Czytelnicy niemieckiej gazety „Die Welt” skrytykowali kanclerza Niemiec Olafa Scholza po tym, jak powiedział, że decyzja Kanady o zwrocie turbiny dla Nord Streamu obnażyła strategię prezydenta Rosji Władimira Putina.
Na konferencji prasowej z premierem Kanady Justinem Trudeau Scholz pochwalił współpracę z Ottawą w sprawie zwrotu turbiny i wezwał do jej kontynuowania, by „nie wpaść w pułapkę Putina”. Ponadto zwrócił uwagę na znaczenie rozwoju ekologicznego wodoru.
„Gdybyśmy mieli myśleć w kategoriach czysto materialistycznych, musielibyśmy trzymać kciuki za Putina” – napisał Dombacher M.
„Czy pan Scholz wie, co ta trasa wodorowa oznacza dla naszej gospodarki w kontekście kosztów?” – stwierdził Karsten D.
„Dlaczego wysyłamy Olafa Scholza do Kanady?
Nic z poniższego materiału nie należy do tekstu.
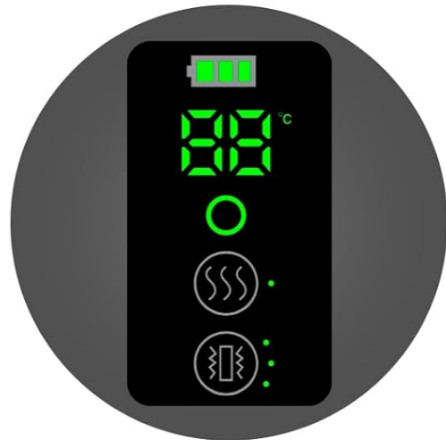
Touch Screen Control

Image: A close-up of the magnetic controller, showing its 5000mAh capacity, 5 strong magnetic buttons, and touch screen control with battery and temperature display.
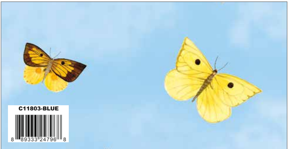
Blue Golden Poppies Butterflies
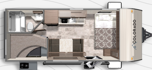
COLORADO 19BHC Length: 23' 5" Weight: 3,672 lbs. Sleeps: 4-6 Hitch: 510 lbs. Height: 9' 11"
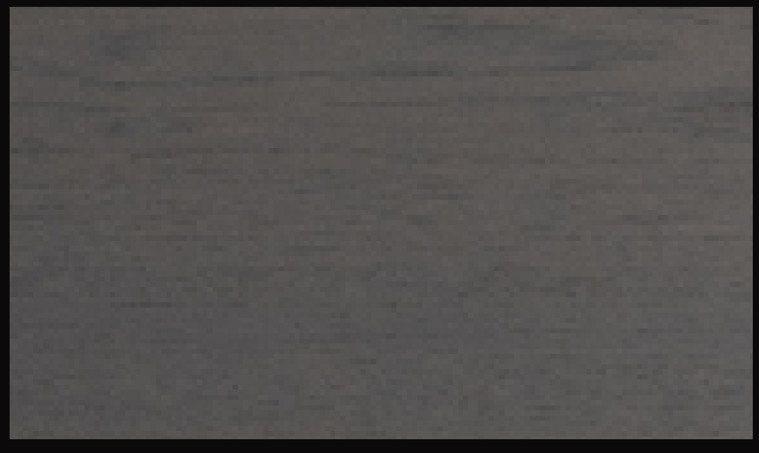
WHITE OAK RAGLAN
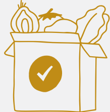
FOOD SAFETY CERTIFICATION P. 60
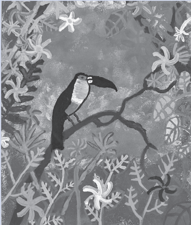
Lucy Ceccato, Grade 5
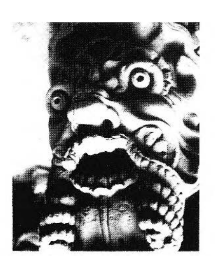
FIGURE 105. Anonymous French, Mascaron , ca. 1610. Paris, Musée de Cluny (formerly on the Pont-Neuf).
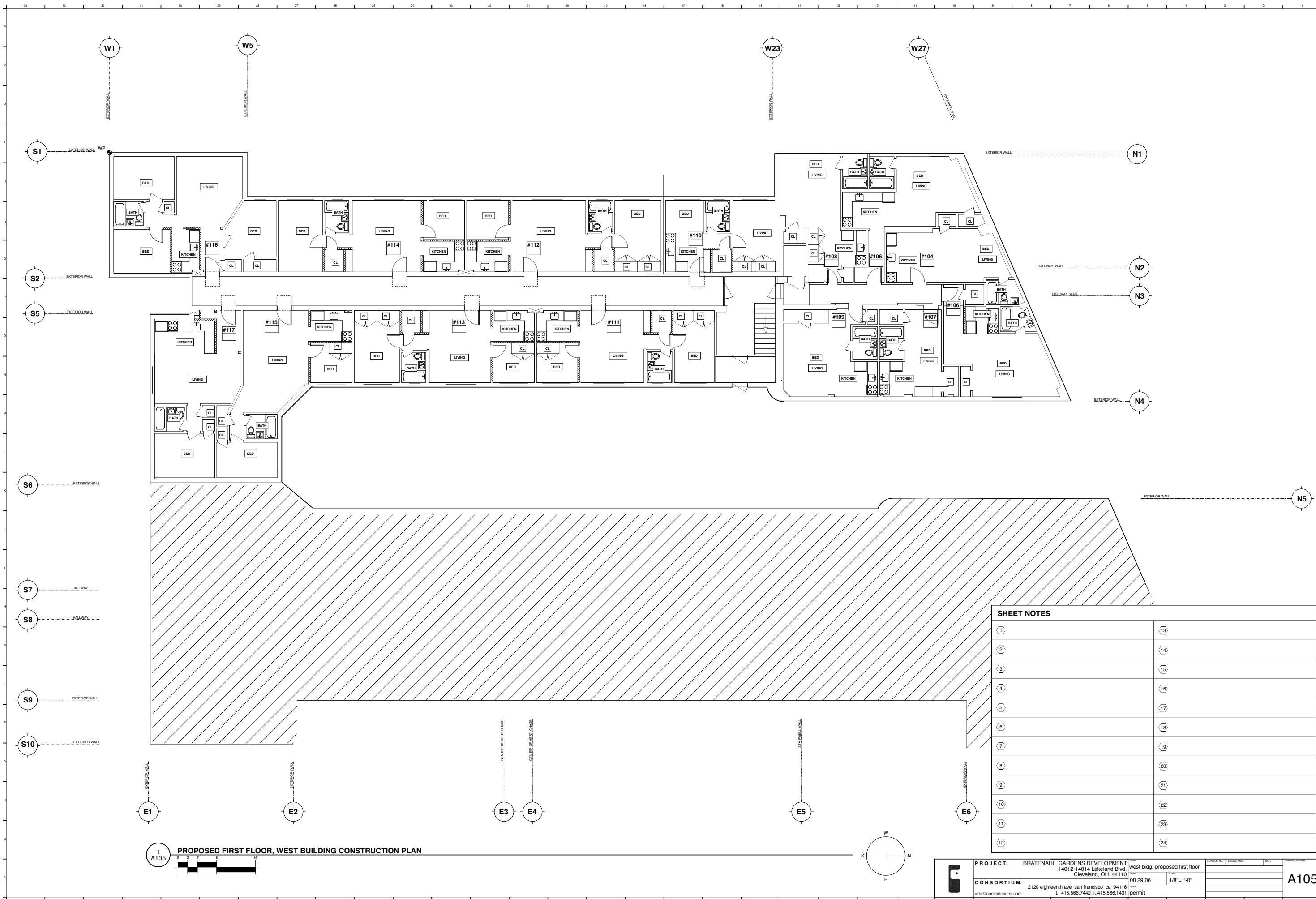
1 A105 PROPOSED FIRST FLOOR, WEST BUILDING CONSTRUCTION PLAN
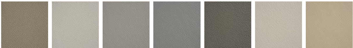
951 CASTORO 993 ARTICO 938 DAKOTA 995 NARDÒ 983 ARGILLA 948 LINO 969 CASHMERE
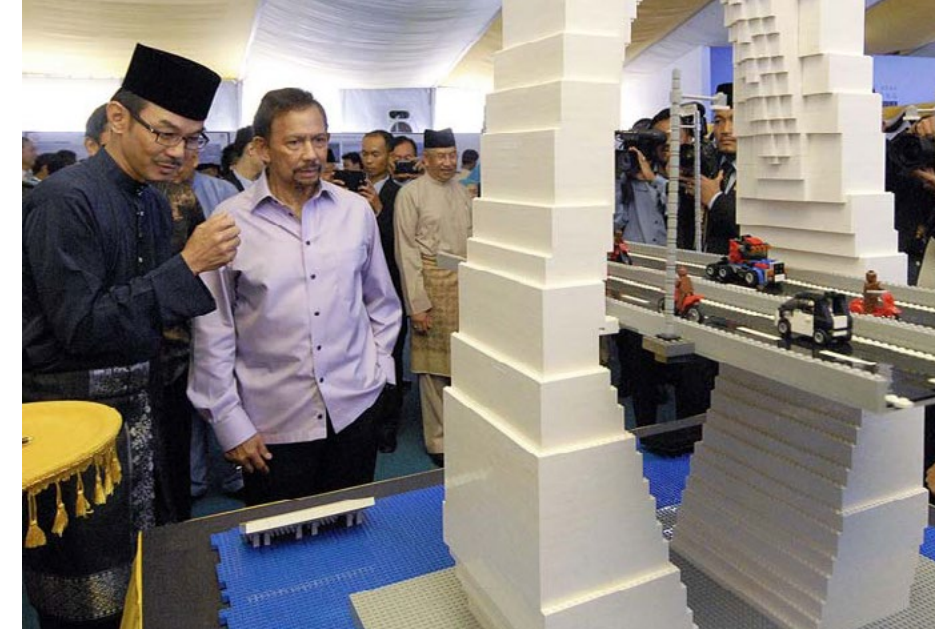
His Majesty witnessing the scale models and listening to a briefing on the construction of the Temburong

His Majesty then proceeded to the Exhibition Hall, where scale models were The CC3 package (Navigation Bridges).
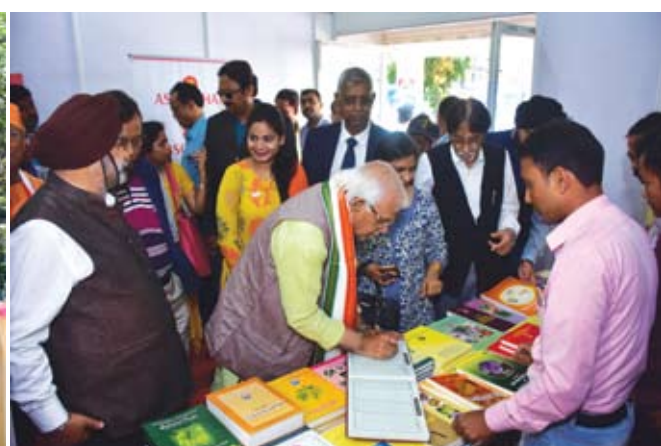
Mr. Sobhandeb Chattopadhyay, Hon,ble Minister-in-Charge, Department of Power & Non-Conventional Energy Sources, Govt. of West Bengal giving his comments on visitors book.
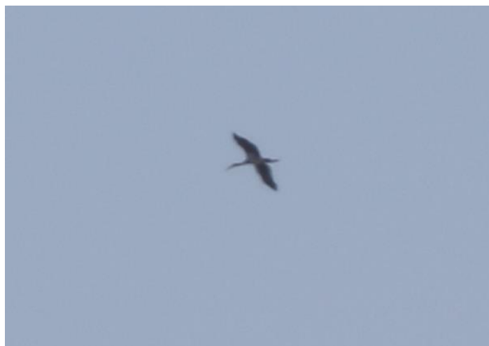
Black Stork at Crete Road East (Ian Roberts)
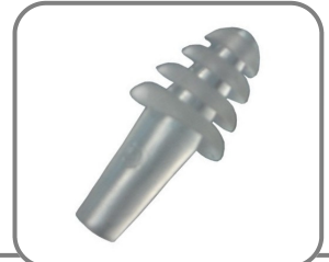
Part#: SEC-CT COMTIP, NRR 21 Noise Attenuating Ear Tip
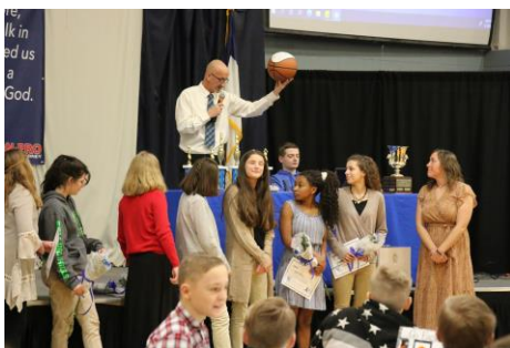
Junior High Girls Basketball Team

Najpóźniej następnego dnia zapomina już, o czym była mowa!” – żartował Tim S.
„Mówienie o zielonym wodorze w odległej przyszłości jest potrzebne, aby odwrócić uwagę od faktu, że elektrownie węglowe są ponownie uruchamiane, a elektrownie jądrowe zamykane” – powiedział Achim G.
„To staje się absurdalne. Czy ogłaszamy sankcje, a potem nazywamy Rosjan niewiarygodnymi? Czy też pan Scholz znowu o czymś zapomniał” – podsumowali czytelnicy.
Niemcy przewidują załamanie energetyczne w zimie z powodu możliwego odcięcia dostaw rosyjskiego gazu. Minister gospodarki Robert Habeck i Klaus Müller, szef Federalnej Agencji Sieci, wielokrotnie wzywali mieszkańców do oszczędzania prądu, wody i ciepła.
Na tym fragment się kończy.